Objective Women who conceive while taking antidepressants frequently have anxieties about the possible effect on their baby. These women may stop taking the antidepressants with or without preconception counselling. We aim to show what effects this may have on their depression and pregnancy.
Method We present a prospective study of 36 women in a specialist perinatal mental health antenatal clinic. Women were divided into two broad groups: those who reduced or discontinued their medication and those who maintained, increased or switched to another medication.
Results There was no significant association with age, parity or marital status.
Six different antidepressants were encountered: fluoxetine, citalopram, paroxetine, sertraline, mirtazepine and desipramine in order of frequency of use.

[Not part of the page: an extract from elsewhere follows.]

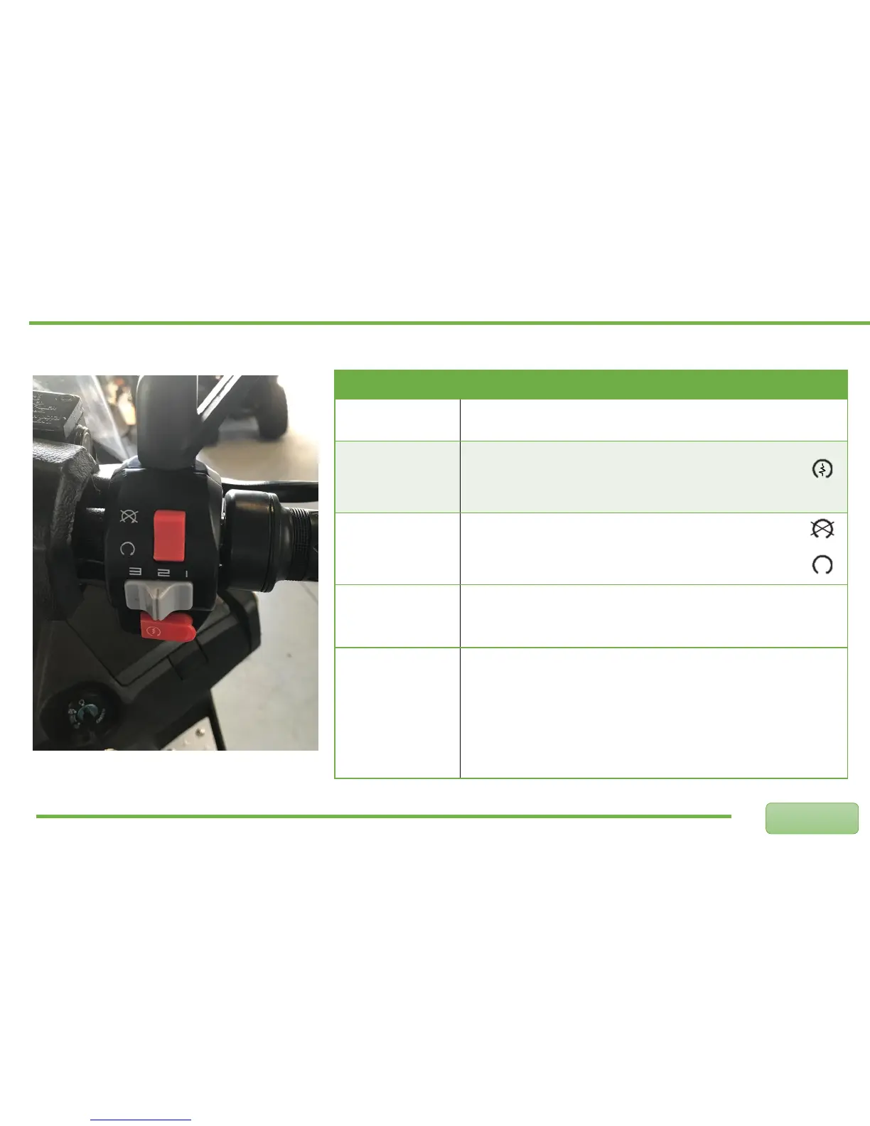 EFUN PUMA - Controls; Throttle Grip and Reverse Mode; Killswitch and Riding Modes; Front Brake Lever Function

21/36 (58%) either decreased or discontinued their medication. 13/36 (36%) had preconception counselling mostly via their general practitioner. Of those who had preconception counselling, 10 (77%) decreased or stopped their medication.
13/36 patients reported a relapse of depression in pregnancy of whom 85% had either stopped or reduced their medication. 11/21 (52%) of those who stopped medication relapsed compared with 2/15 (13.3%) of those who stayed on medication, a 4-fold increase. 82% went back on their medication.
Conclusions Preconception counselling needs to be balanced to ensure women are aware of the 4-fold increased risk of depression relapse if they stop their medication.